Whether universities should take positions on issues such as South Africa, either rhetorically or financially, can best be answered by voices from two of my favorite universities. The first is that of Derek Bok:

At bottom, this is also a dispute about the nature of the University itself and the ways in which it should and should not respond to evil in the outside world.... Much as I oppose apartheid, I strongly believe that universities should not use their power to press their political and economic views on other organizations and individuals beyond the campus.[6]

That was written in 1984. In 1967, in an even more highly charged environment, a committee of the University of Chicago issued a "Report on the University's Role in Political and Social Action":

The instrument of dissent and criticism is the individual faculty member or the individual student. The university is the home and sponsor of critics; it is not itself the critic.... In the exceptional instance, these corporate activities of the university may appear so incompatible with paramount social values as to require careful assessment of the consequences. These extraordinary instances apart, there emerges, as we see it, a heavy presumption against taking collective action or expressing opinions on the political and social issues of the day, or modifying its corporate activities to foster social or political values, however compelling or appealing they might be.[7]

In addition to the moral commitment to protect academic freedom, there is a self-interested reason to hold such views. Intruding in the affairs of others exposes one to retaliatory intrusion in one's own affairs. Is a symbolic action (especially one of dubious effectiveness) worth such risk? How often should one take the risk? What makes an instance extraordinary, exceptional?

In any event, there are other options open to anti-apartheid activists. Universities provide space and often financial and logistical support to a wide range of political organizations. Why is it necessary to force the university as an institution into an extreme and awkward position on the South African issue?

My own opinion is that the divestment "movement" has not been much of a campus movement at all. It is very narrowly based and commands token and largely uninformed support. The tactics of many divestment advocates have obscured the issues and made it difficult if not impossible for the uncommitted to sort out their ideas and come to reasonable conclusions. The discourse of pro-shanty and anti-shanty should perhaps be dismissed as the moral equivalent of panty raids. Even a good cause should not become a convenient excuse for intimidation.

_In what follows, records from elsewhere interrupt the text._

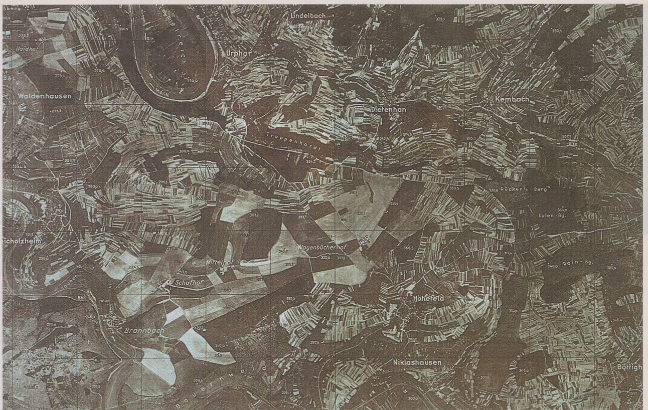
In einem Luftbild von 1937 hebt sich die großparzellierte Gutshofflur des ehemaligen Klosters Bronnbach deutlich aus den Realteilungsfluren der umliegenden Dörfer heraus.

Ansatzes erforderte eine interdisziplinäre Zusammenarbeit in der Planungs- wie Ausführungsphase. Vertreter der Volkskunde, der Theologie und der geographischen Landeskunde arbeiteten mit. Letztere erbrachte folgende Beiträge:
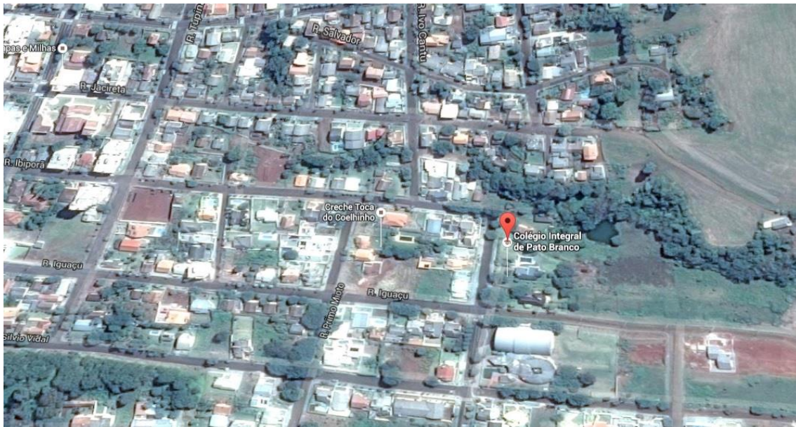
IMAGEM 1 – LOCALIZAÇÃO DA ESCOLA INTEGRAL

O trabalho foi realizado na Escola Integral, localizada na cidade de Pato Branco, no estado do Paraná. A escola atualmente possui um total de 367 estudantes, sendo 164 no período matutino (5º ao 9º ano do Ensino Fundamental) e 203 no período vespertino (Educação Infantil ao 4º ano do Ensino Fundamental), além de 59 colaboradores. Sua infraestrutura é composta por 12 Salas de Aulas, um Laboratório de Ciências, Secretaria, Sala de Coordenação, Ginásio e dez Banheiros. A Sala dos Professores e a Biblioteca foram adaptadas em um contêiner no espaço físico externo. Os estudantes também fazem uso de um parque ao ar livre e uma horta.
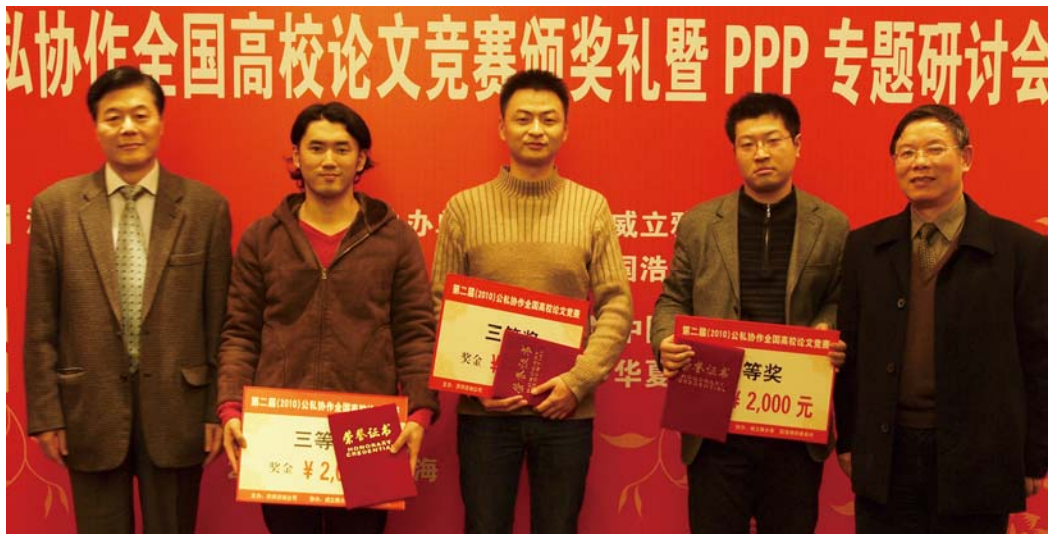
三等奖获得者与颁奖嘉宾
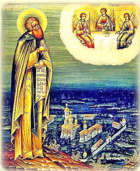
Ὁ Ὅσιος Μαρτύριος, Ἡγούμενος ἐν Ζελενετς τοῦ Πσκῶφ (Ρωσία)
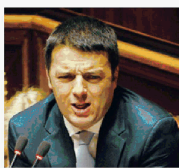
Determinato il premier Matteo Renzi
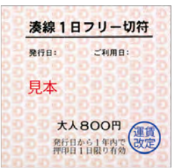
湊線1日フリー切符

発行日: ご利用日: 見本 大人800円 発行日から1年内 利用可能(1日限り有効) 運賃 改定
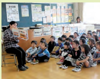
読み聞かせサークルによる読み聞かせ

本校は、「学校・家庭・地域が一体となって子どもたちを育てます!」を共有目標に、学校応援団との連携を図り、教育活動を進めています。 具体的には、学習支援ボランティア(読み聞かせサークル・昔あそび・ミニボランティア、かるた大会の審判)、環境整備ボランティア(図書室整備・花の植え替え)、安心安全ボランティア(登下校)など地域、保護者の皆様にお世話になっております。 特に、学校運営協議会で熟議され実現してからの今年で3回目を迎えた「地域

The first purpose of a college education, the historian Karl Weintraub once said, is to learn to understand the complexity of things. If that purpose is loosened by slipshod argument or undermined by coercion, or if it loses place to moral fervor or political ideology, the central mission of the university will be fatally compromised.

Lift the rock of apartheid and you will not find respect for complexity. Those slugs and grubs are blind to it. They see only Truth. The moral life is for them, because it is so simple. They have smothered the spirit of liberty, or perhaps never breathed its air. The moral life is never hard for true believers. But it certainly is for the rest of us.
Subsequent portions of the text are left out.